"Sales volumes have fallen by about a fifth, making it more difficult for the Land Registry to calculate its index, which is the real story of this slowdown"
- Tom Bill - Knight Frank
UK house prices fell by 0.1% in the year to September 2023, compared with 0.8% in August 2023, according to this morning's figures from ONS, with a typical property in the UK standing at £291,000.
On a non-seasonally adjusted basis, average house prices in the UK decreased by 0.5% between August 2023 and September 2023, compared with an increase of 0.4% during the same period a year earlier.
The regional data for England indicates that:
the North West experienced the greatest monthly rise with a movement of 0.5%
Yorkshire and the Humber saw the lowest monthly price growth, with a fall of 2.0%
the North East experienced the greatest annual price rise, up by 1.6%
the South West saw the lowest annual price growth, with a fall of 1.6%
London
London shows, on average, house prices have fallen by 0.3% since August 2023. An annual price fall of 1.1% takes the average property value to £537,424.
Nathan Emerson, CEO Propertymark comments: "Across the UK, we are starting to see certain geographical regions demonstrating a small uplift regarding house prices, based on month-by-month analysis. However, it remains very early days before we can confidently say we are witnessing sustained growth once again.
"Overall, we are continuing to see an uncertain housing market on the back of elevated inflation and interest rates. Currently, many people are still approaching the market with caution, and this will likely remain the case until there is a higher level of consistency with personal finances.

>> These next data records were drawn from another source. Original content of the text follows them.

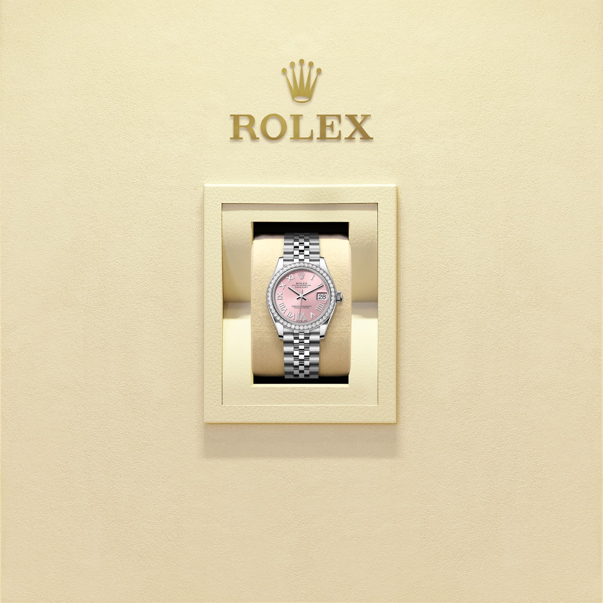 蚝式恒动日志型 31腕表白色黄金及蚝式钢款,搭配镶钻粉红色表盘及纪念型(Jubilee)表带。
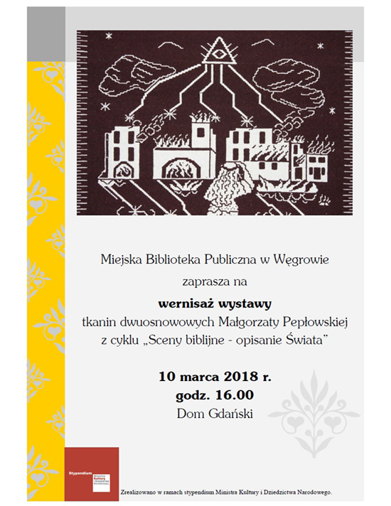 Miejska Biblioteka Publiczna w Węgrowie zaprasza na wernisaż wystawy tkanin dwuosnowowych Małgorzaty Pepłowskiej z cyklu „Sceny biblijne – opisanie Świata”.
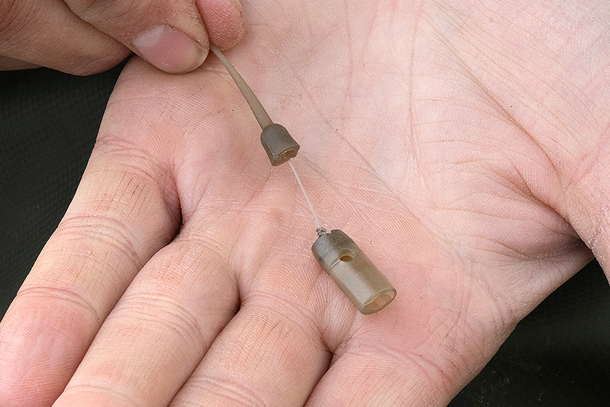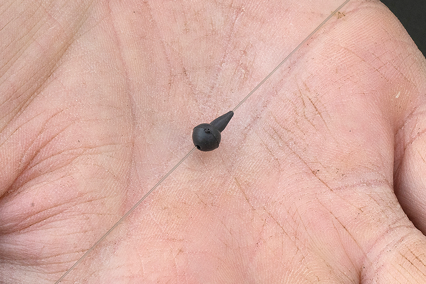 Slide a tungsten bead onto your mainline followed by a tungsten line stop. Make sure the bead is the correct way around so that the larger hole can sit on the line stop.

"As inflation starts to come back towards more manageable levels, Propertymark remain optimistic we will start to see a smoother path ahead. However, we currently have the situation of consumers being extremely mindful regarding affordability and such people will likely only commit to the housing market once they feel assured of long-term stability - mainly in the form of lower interest rates."
Tom Bill, head of UK residential research at Knight Frank says: “The footnote tells a more important story than the headline figures. Sales volumes have fallen by about a fifth, making it more difficult for the Land Registry to calculate its index, which is the real story of this slowdown.
"Price declines have been kept in check by hesitant buyers and sellers but thin trading means house price data should be handled with care. There is no single event keeping activity in check as there was during the pandemic or after mini-Budget but rising mortgage rates and economic, political and geopolitical uncertainty are all sapping sentiment.
"We think most of the price decline has now taken place and activity will improve next year as the mortgage market and economic backdrop stabilise.”
Tony Hall, Head of Business Development, Saffron for Intermediaries said:
“House prices are continuing to adjust in light of a challenging economic environment and higher interest rates, but the latest decision by the Bank of England to hold the base rate at 5.25% will bring stability to the market. As confidence starts to return to the sector, we are likely to see an uptick in demand and the value of housing stock bounce back.”
“In what is still a challenging period for many mortgage holders, it is essential that advisers are on hand to assist borrowers. This latest correction in house prices will still come as a concern to homeowners looking to sell or remortgage, and many will be looking to their adviser for reassurance and support in finding the best possible deal.”
Mark Harris, chief executive of mortgage broker SPF Private Clients, says: "Swap rates, which underpin the pricing of fixed-rate mortgages, have dropped sharply in the past couple of days, with the better-than-expected inflation news pegging them back further – five-year Swaps fell to 4.17 per cent this morning from 4.33 per cent yesterday.
"Increasingly, it appears as though the base rate may have peaked, which will be welcome news for hard-pressed borrowers. There is lots of speculation as to when it will start to fall and how quickly.
"Lenders are likely to be busy reducing mortgage rates in coming days and weeks. There are now plenty of two-year fixes below 5 per cent, with five-year fixes starting from just over 4.5 per cent. Lenders are also being creative, with Barclays offering a one-year fix at 5.2 per cent with no fee.
"If mortgage rates continue to fall and borrower affordability continues to improve, we would expect house prices to be fairly flat or even pick up slightly, albeit in a low volume market."